### WORK INSTRUCTIONS
Starting at the line that holds "婴儿衣服夏季薄款纯棉小月龄睡衣分体宝宝短袖短裤套装儿童夏装", quote every line through the end of the records, both boundary lines included. Omit the pictures.

(Records from a data collection)
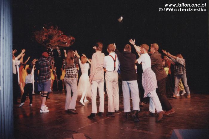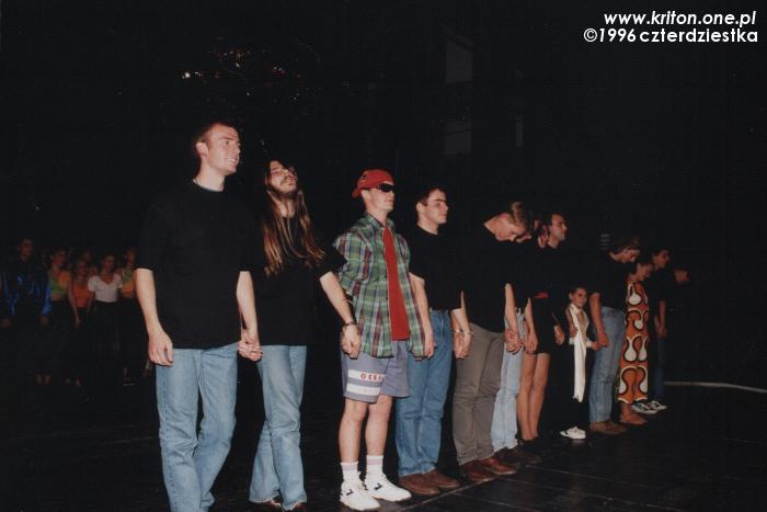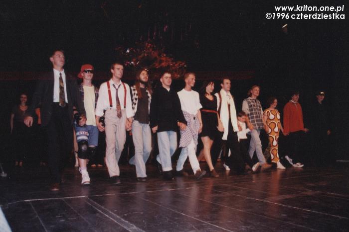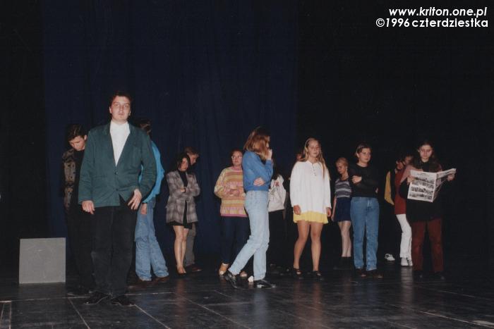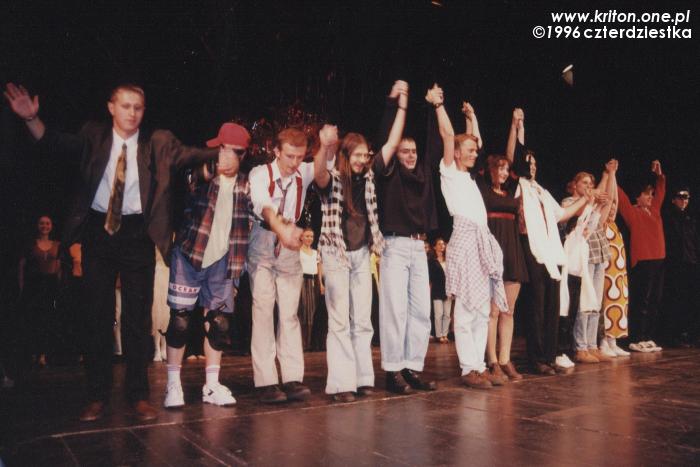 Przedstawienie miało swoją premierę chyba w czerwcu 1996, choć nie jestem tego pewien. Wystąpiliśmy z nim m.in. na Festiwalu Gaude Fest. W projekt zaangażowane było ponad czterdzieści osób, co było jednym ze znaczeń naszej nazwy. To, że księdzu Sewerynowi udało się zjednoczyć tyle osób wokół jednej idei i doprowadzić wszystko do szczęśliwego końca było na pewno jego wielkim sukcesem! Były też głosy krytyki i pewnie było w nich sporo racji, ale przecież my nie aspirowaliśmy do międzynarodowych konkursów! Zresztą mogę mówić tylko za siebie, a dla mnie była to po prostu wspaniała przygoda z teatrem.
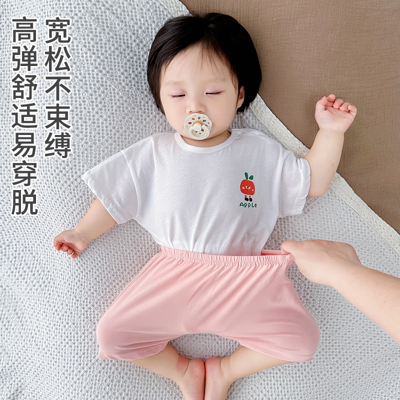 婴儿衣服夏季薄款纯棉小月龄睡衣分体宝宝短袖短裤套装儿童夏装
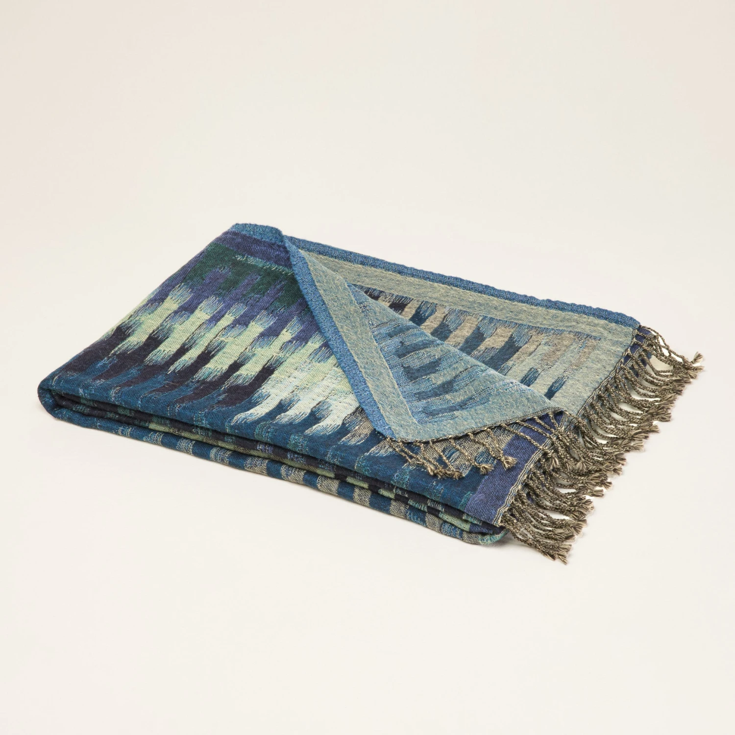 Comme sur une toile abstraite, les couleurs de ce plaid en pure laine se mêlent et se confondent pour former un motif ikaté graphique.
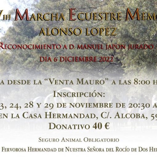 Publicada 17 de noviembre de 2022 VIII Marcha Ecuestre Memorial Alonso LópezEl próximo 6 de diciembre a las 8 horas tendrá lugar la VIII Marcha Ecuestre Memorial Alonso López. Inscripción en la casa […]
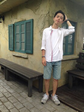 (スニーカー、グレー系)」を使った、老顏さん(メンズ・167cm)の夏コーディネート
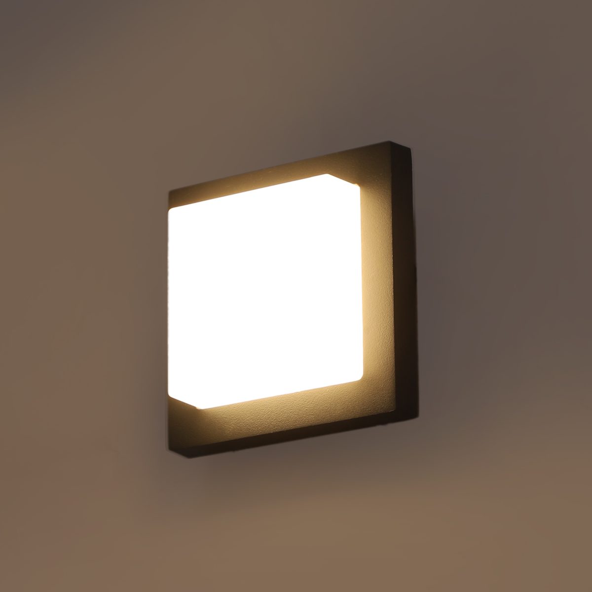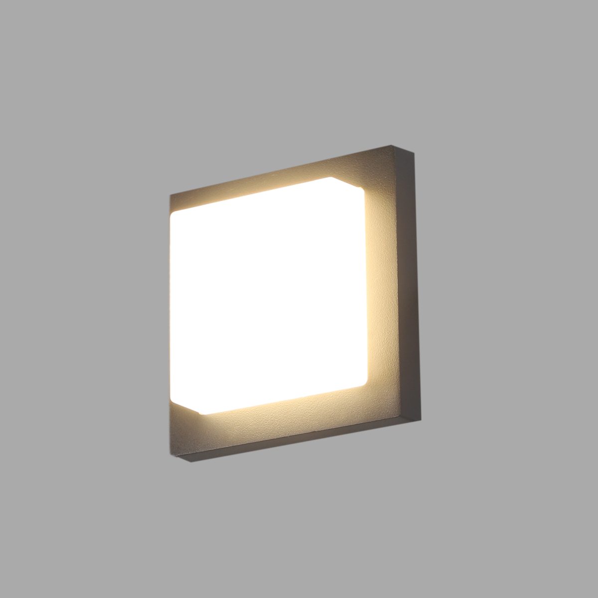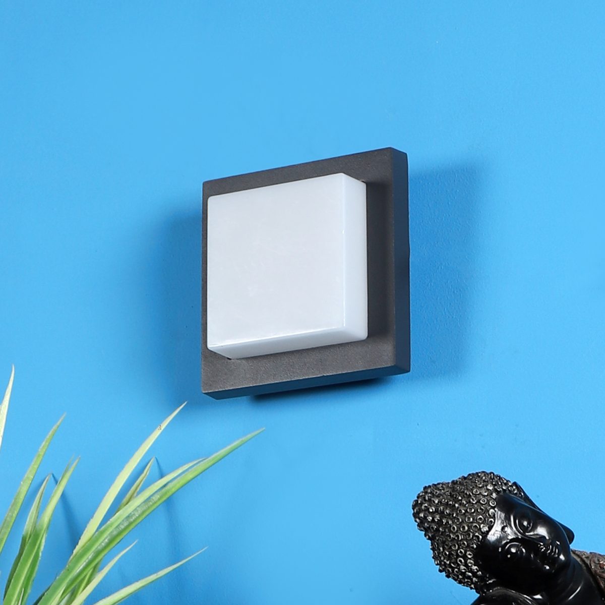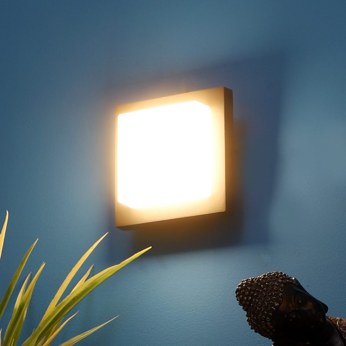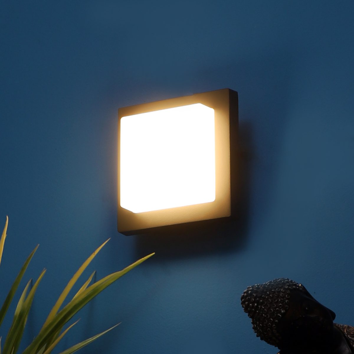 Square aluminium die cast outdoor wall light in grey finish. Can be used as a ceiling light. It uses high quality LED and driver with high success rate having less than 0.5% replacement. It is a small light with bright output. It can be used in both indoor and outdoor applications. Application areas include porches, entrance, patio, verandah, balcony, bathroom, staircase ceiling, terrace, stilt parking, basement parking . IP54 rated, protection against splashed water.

### TASK SOLUTION
 婴儿衣服夏季薄款纯棉小月龄睡衣分体宝宝短袖短裤套装儿童夏装
 Comme sur une toile abstraite, les couleurs de ce plaid en pure laine se mêlent et se confondent pour former un motif ikaté graphique.
 Publicada 17 de noviembre de 2022 VIII Marcha Ecuestre Memorial Alonso LópezEl próximo 6 de diciembre a las 8 horas tendrá lugar la VIII Marcha Ecuestre Memorial Alonso López. Inscripción en la casa […]
 (スニーカー、グレー系)」を使った、老顏さん(メンズ・167cm)の夏コーディネート
 Square aluminium die cast outdoor wall light in grey finish. Can be used as a ceiling light. It uses high quality LED and driver with high success rate having less than 0.5% replacement. It is a small light with bright output. It can be used in both indoor and outdoor applications. Application areas include porches, entrance, patio, verandah, balcony, bathroom, staircase ceiling, terrace, stilt parking, basement parking . IP54 rated, protection against splashed water.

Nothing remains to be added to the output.